For integrated speakers, the sound quality of the 75Q9FN is actually pretty impressive. I didn’t expect that to be the case, since a lot of Samsung’s marketing materials tends to pair the TV with one of its high-end sound bars. And of course, a soundbar is going to give a much better audio experience. But the TV itself gives a surprisingly rich and full sound, going very loud without losing any quality.
But despite its nice touches and bells and whistles, it’s simply the visual quality of the Q9FN that sells it. It’s something difficult to explain; until you’ve seen it for yourself, you can’t appreciate it just how good it actually is. My own TV is a middling LG 4K HDR set. Upgrading from a 1080p Sony Bravia last year, the change was incredible. I’d never expected 4K to make so much difference until I saw it in action in my own living room. So I found it hard to imagine how another TV, much more expensive than my own, could also offer 4K and HDR and be that much better. Oh, how naive I was. The difference in quality feels almost like going from 1080p to 4K all over again. In the case of the 75Q9FN it’s certainly a factor that the screen is so damn big yet manages to be so crystal clear and sharp. Whether a smaller version of the TV would be quite as impressive – it’s also available in 55” and 65” – is hard to say.
Definitely not my own living room. Who has a house that looks like this? Really?
The viewing angle of the 75Q9FN is particularly impressive. Even stood right at the side of the TV, images are vivid and colourful. The brightness of the image also means that even in bright sunlight, it’s brilliantly clear. No more having to invest in blackout curtains just to watch Game of Thrones in the day time.

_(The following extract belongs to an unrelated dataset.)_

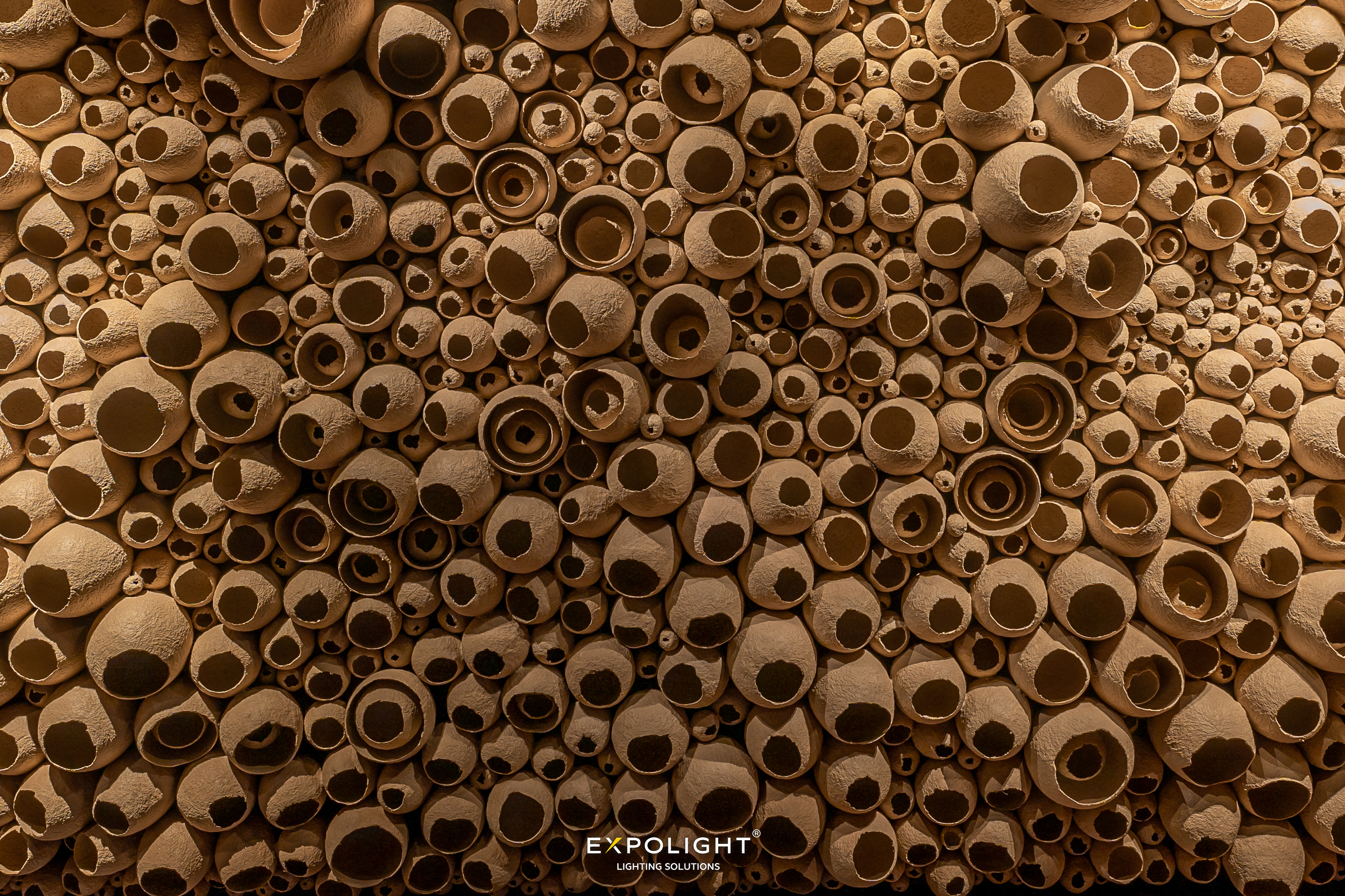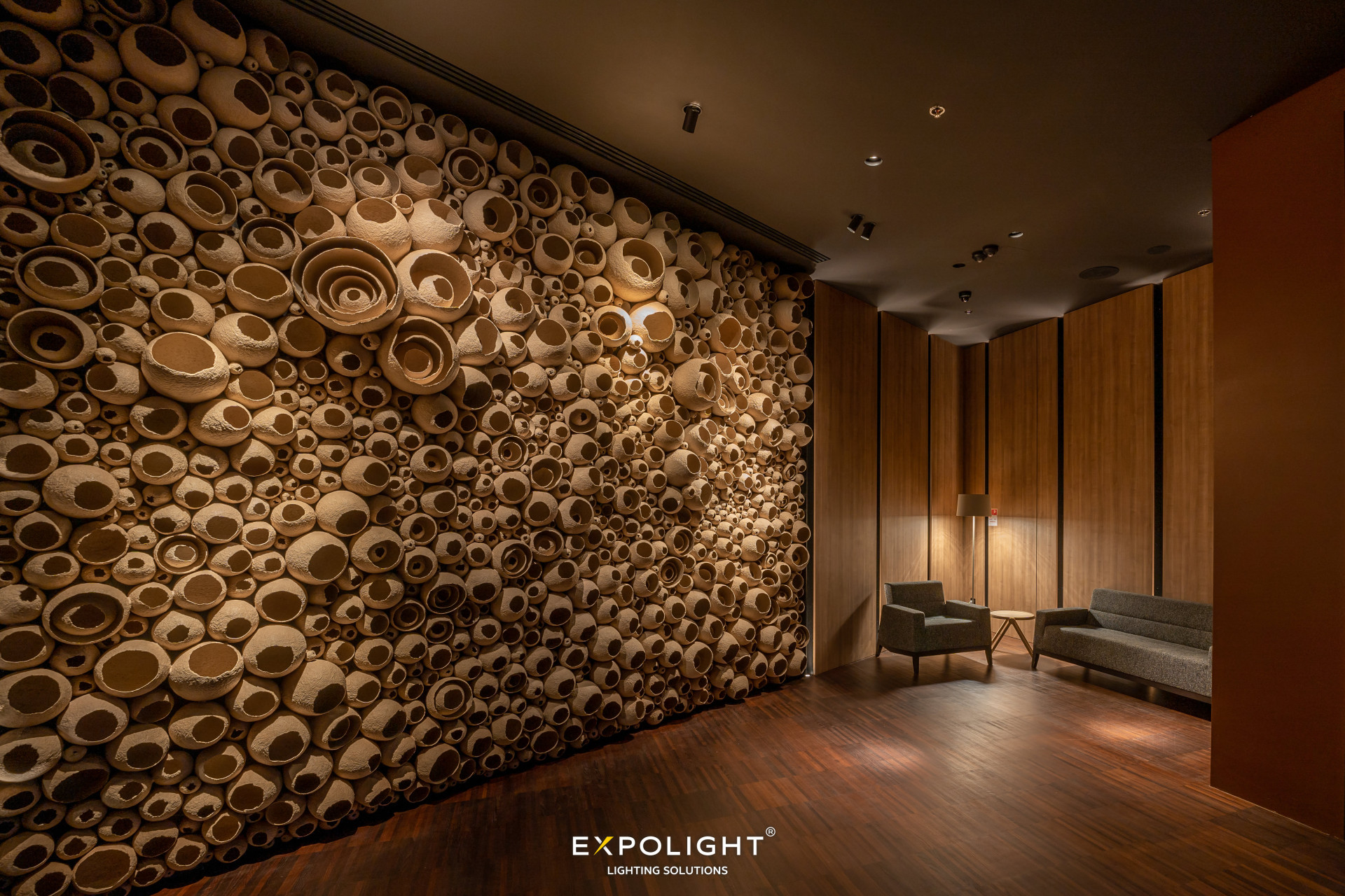One of the key elements of this project is a wall decorated with elements resembling an eggshell. When working with this wall, it was important to create lighting that would emphasize its volume and texture, rather than make it flat.

Standard definition channels of course look a little ropey on such a big screen, but the Q9FN does a great job of displaying standard HD content. It’s not quite as eye-popping as 4K HDR, but colours are still brilliant and images are crisp. If you’re a gamer, the Q9 range offers some features that are hard to pass up, too. Playing 4K games on an Xbox One X has never looked better, and this is one of the few TV sets that supports FreeSync. FreeSync allows for variable refresh rates in certain games, making for a smoother experience as it combats annoying graphical issues such as screen tearing. It really did seem to make a difference in some games.
One thing to be aware of though is the power usage of the 75Q9FN. As you’d expect from a TV this size, it’s something of a powerhouse. It’s energy rated ‘B’, and its max power consumption is 340W. When it’s been on a little while, you can actually feel the heat coming off the screen if you walk in front of it. But hey, at least you can offset the extra electricity cost by needing to put the heating on less during winter.

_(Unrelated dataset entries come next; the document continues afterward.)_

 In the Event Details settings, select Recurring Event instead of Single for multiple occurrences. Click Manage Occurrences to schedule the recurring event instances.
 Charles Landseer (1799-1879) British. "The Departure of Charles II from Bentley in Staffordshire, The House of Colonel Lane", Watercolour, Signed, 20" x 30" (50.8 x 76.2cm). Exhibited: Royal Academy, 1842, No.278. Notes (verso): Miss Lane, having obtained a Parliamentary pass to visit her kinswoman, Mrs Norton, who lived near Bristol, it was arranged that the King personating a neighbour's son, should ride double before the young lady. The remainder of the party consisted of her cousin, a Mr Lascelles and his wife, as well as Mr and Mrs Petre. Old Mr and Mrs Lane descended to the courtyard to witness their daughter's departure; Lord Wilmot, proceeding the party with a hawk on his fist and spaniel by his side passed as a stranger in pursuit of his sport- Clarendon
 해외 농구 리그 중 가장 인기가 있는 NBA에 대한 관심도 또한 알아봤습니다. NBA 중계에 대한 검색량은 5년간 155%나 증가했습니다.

Having used the 75Q9FN for a few weeks, it’s hard to accept that I’ll likely never be able to afford a TV that good of my own. Now, my own 55” 4K TV is tiny and dull in comparison, and sitting down to watch a film just isn’t as exciting. Watching something on the Q9FN is an event, a real cinematic experience in your own home. If money is no object and you have the space in your front room for one of these things, you can’t possibly be disappointed. It’s an absolutely magnificent TV set. It’s just a shame that it’s priced out of most people’s budgets.
- At £5,500, the 75Q9FN isn’t going to suit most budgets…
- ...But it truly is one of the best TVs money can buy.
- ‘One Near-Invisible Cable’ technology means no unsightly cables hanging around if you wall mount it
- Gorgeous deep colours and true blacks
- Supports FreeSync for one of the best gaming experiences
- Surprisingly good quality sound for built-in speakers
- You don’t realise quite how big a 75” TV is until the box arrives at your house. Make sure you’ve got room!